Когда в конце болезни он уже почти потерял речь, у него выходили иногда только концы или начала слов. Был случай, когда я сидела около него, как всегда, на подушке на полу, возле изголовья его кровати, он дал мне понять, что ему что-то нужно, что он чего-то хочет от меня. Я предлагала ему лекарство, питье — лимонный сок, но поняла ясно, что не в этом дело. Тогда я догадалась и спросила: «Твои вещи?» Он кивнул с таким видом, что и «да», и «нет». Я сказала: «Мастер и Маргарита»? Он, страшно обрадованный, сделал знак головой, что «да, это».

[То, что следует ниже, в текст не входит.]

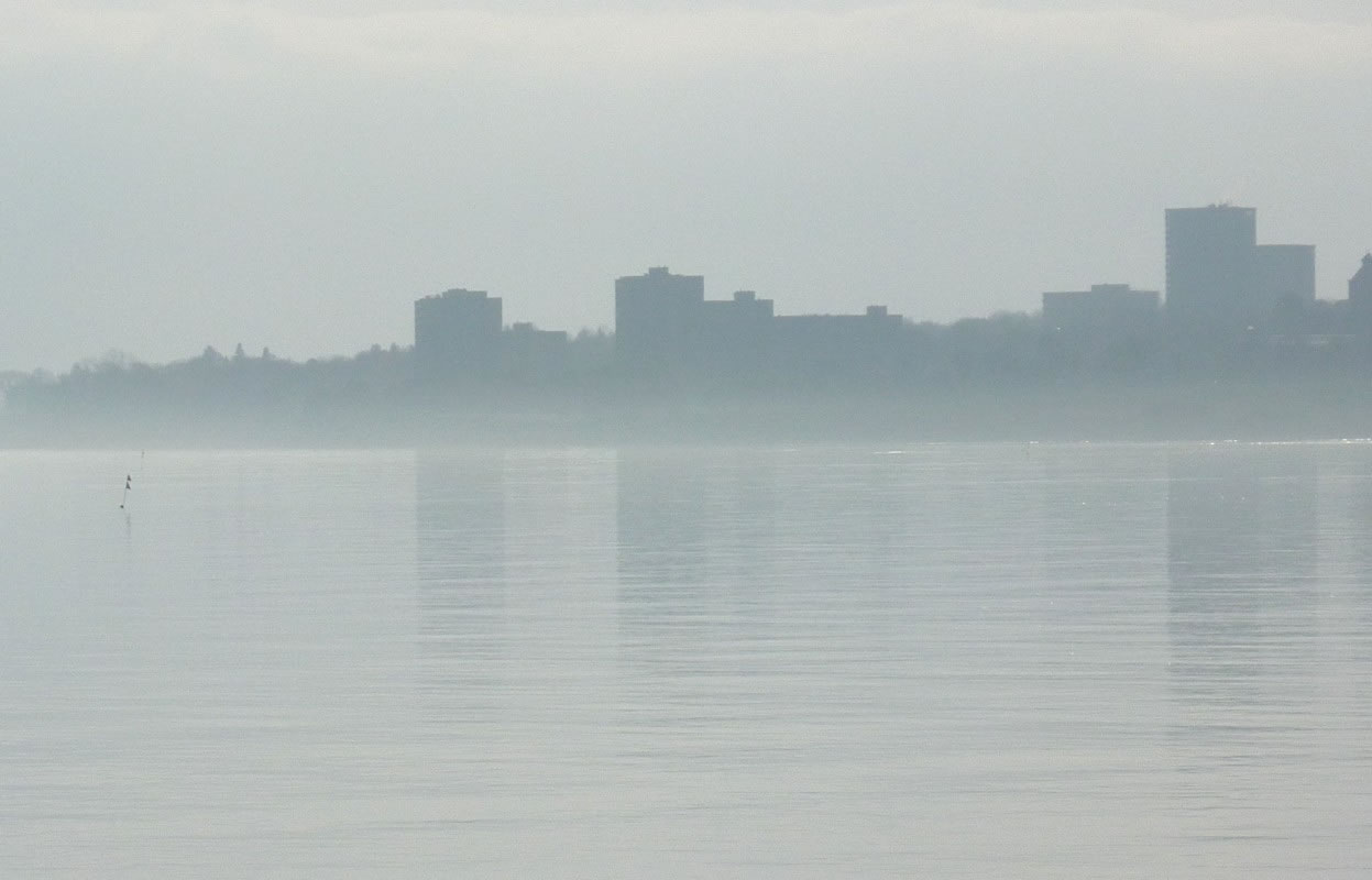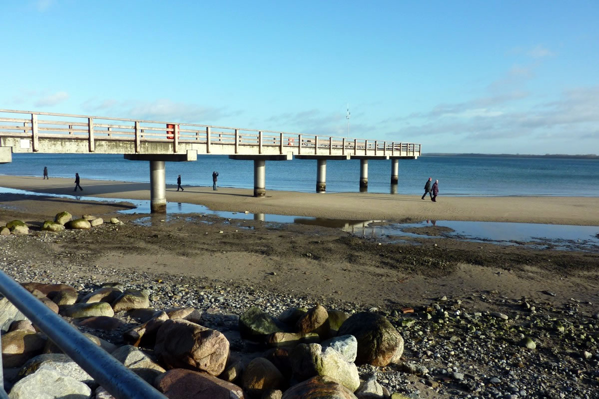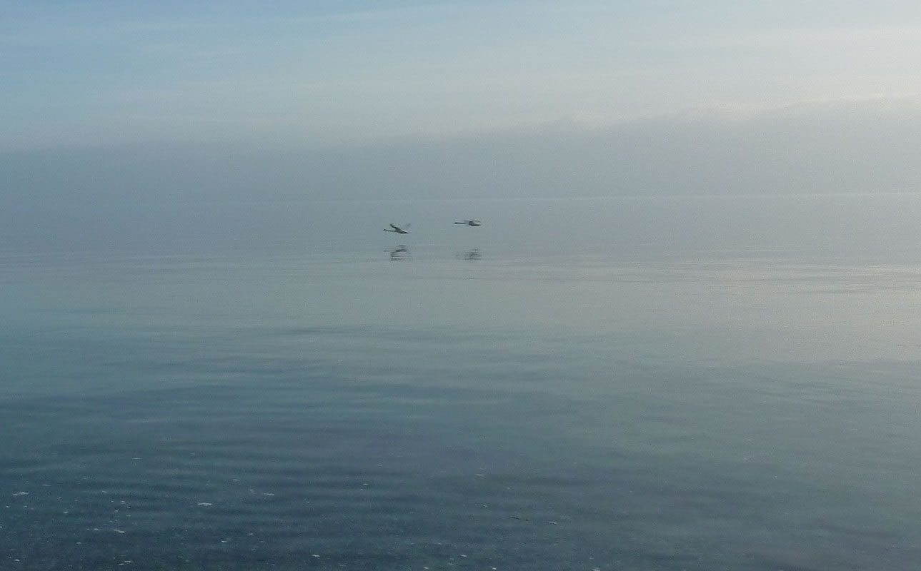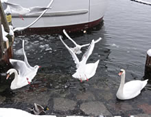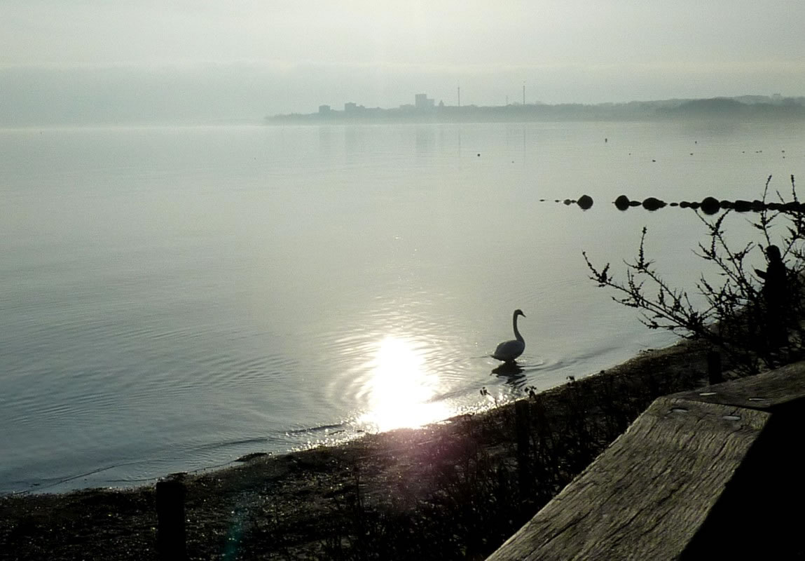 "Hest dat ok höört?, dor hett doch jüüst ganz liesen en Klock bimmelt?", fraag ik mien Mann. "Wat du allens höörst! Dat weer de Flunkenslaag vun de twee Swaans, de dor jüüst övert Water fleegt!" Ümmer mehr keem de Sünn to'n Vörschien. De Oostsee wöör noch blanker. In dat Water spegel sik nu de Stadt vun Gegenöver. Sehg meist as en Fata Morgana ut. De Stadt weer tweemal to sehn. Ik kunn mi nich beruhigen, harr noch dat Bimmeln vun de Klock in't Ohr. "Du, villicht hebbt wi de versunken Stadt Vineta sehn. Un ik heff de Klocken vun Vineta höört!" "Dien Phantasie geiht mal wedder mit di dörch", lach he un schüddel mit den Kopp. Vullenns keek de Sünn nu dörch den Nevel un spegel sik as en Füerball in't Water. Dorneven seet een vun de beiden Swaans. He möök de Flunken breet un floog övert Water. Nu höör ik ok den Flunkenslaag, dat weer keen Bimmeln vun en Klock. Ik harr vörher wull blots vun Vineta dröömt! De Biller köönt Se per Klick

И выдавил из себя два слова: «Чтобы знали, чтобы знали» [5; 389–390].
Агония мастера. «Батум»
Елена Сергеевна Булгакова. Из дневника:
<1938>
9 сентября.
<…> Днем звонил Марков — когда М.А. может принять его и Виленкина, очень нужно переговорить. М.А. не было дома, я предложила придти сегодня вечером, предварительно позвонив.
За обедом — звонок. М.А. согласился на сегодняшний вечер.
10 сентября.
Пришли в одиннадцатом часу вечера и просидели до пяти утра. Вначале — было убийственно трудно им. Они пришли просить М.А. написать пьесу для МХАТа.
— Я никогда не пойду на это, мне это невыгодно делать, это опасно для меня. Я знаю все вперед, что произойдет. Меня травят, я даже знаю, кто. Драматурги, журналисты.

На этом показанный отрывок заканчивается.